Monthly Savings = Current Payment - New Payment
Lifetime savings subtracts the total new loan cost (including closing costs) from the remaining cost of your current mortgage.
Mortgage refinancing involves replacing your existing home loan with a new one, typically at a lower interest rate. When you refinance, you essentially pay off your current mortgage and start fresh with new terms. Homeowners refinance for many reasons, including reducing monthly payments, shortening the loan term, switching from an adjustable-rate to a fixed-rate mortgage, or tapping into home equity.
The key decision factor is whether the savings from the lower rate outweigh the costs of refinancing. This calculator helps you compare your current loan terms against the proposed new terms to determine if refinancing makes financial sense for your situation.
The break-even point is the number of months it takes for your monthly savings to recoup the closing costs of refinancing. For example, if you save $200 per month and your closing costs are $4,000, your break-even point is 20 months. This is a critical metric because if you plan to sell your home before reaching the break-even point, refinancing may actually cost you money.

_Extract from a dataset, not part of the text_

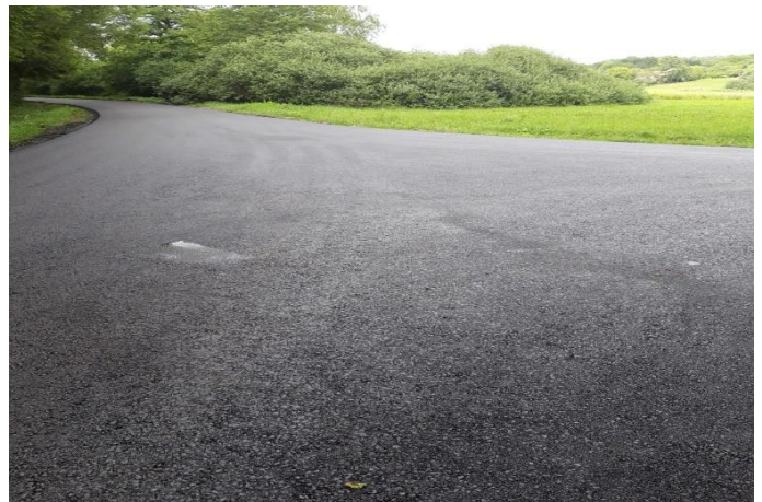
Foto – Teilabschnitt Punitz Meierhof

Die Instandsetzungsarbeiten/Generalsanierungen der Güterwegabschnitte Tobaj/Hasendorf bzw. ein Teilbereich des Güterweges Punitz/Meierhof wurden 2019 von der Firma Swietelsky fertiggestellt.

Financial advisors generally recommend refinancing when the break-even period is less than 3-5 years and you plan to stay in the home beyond that point. A shorter break-even period indicates a stronger case for refinancing.
The traditional rule of thumb suggests refinancing when you can reduce your interest rate by at least 1-2 percentage points, though even smaller reductions can yield significant savings on larger loan balances. Market conditions, your credit score, current home equity, and remaining loan term all influence whether refinancing is advantageous.
Consider how long you plan to stay in the home, whether you want to change your loan term, and if you need cash out for home improvements or debt consolidation. Rate-and-term refinances (changing only the rate and/or term) are the most straightforward and typically offer the best savings potential.
Closing costs for refinancing typically range from 2% to 5% of the loan amount. These costs include application fees, appraisal fees, title insurance, origination fees, and various administrative charges. Some lenders offer "no-closing-cost" refinances where fees are rolled into the loan balance or offset by a slightly higher interest rate.
Be mindful of the total interest paid over the life of the loan. Extending your term (e.g., refinancing from 20 remaining years to a new 30-year mortgage) may lower your monthly payment but could significantly increase total interest paid. Compare total costs, not just monthly payments, to make the best financial decision.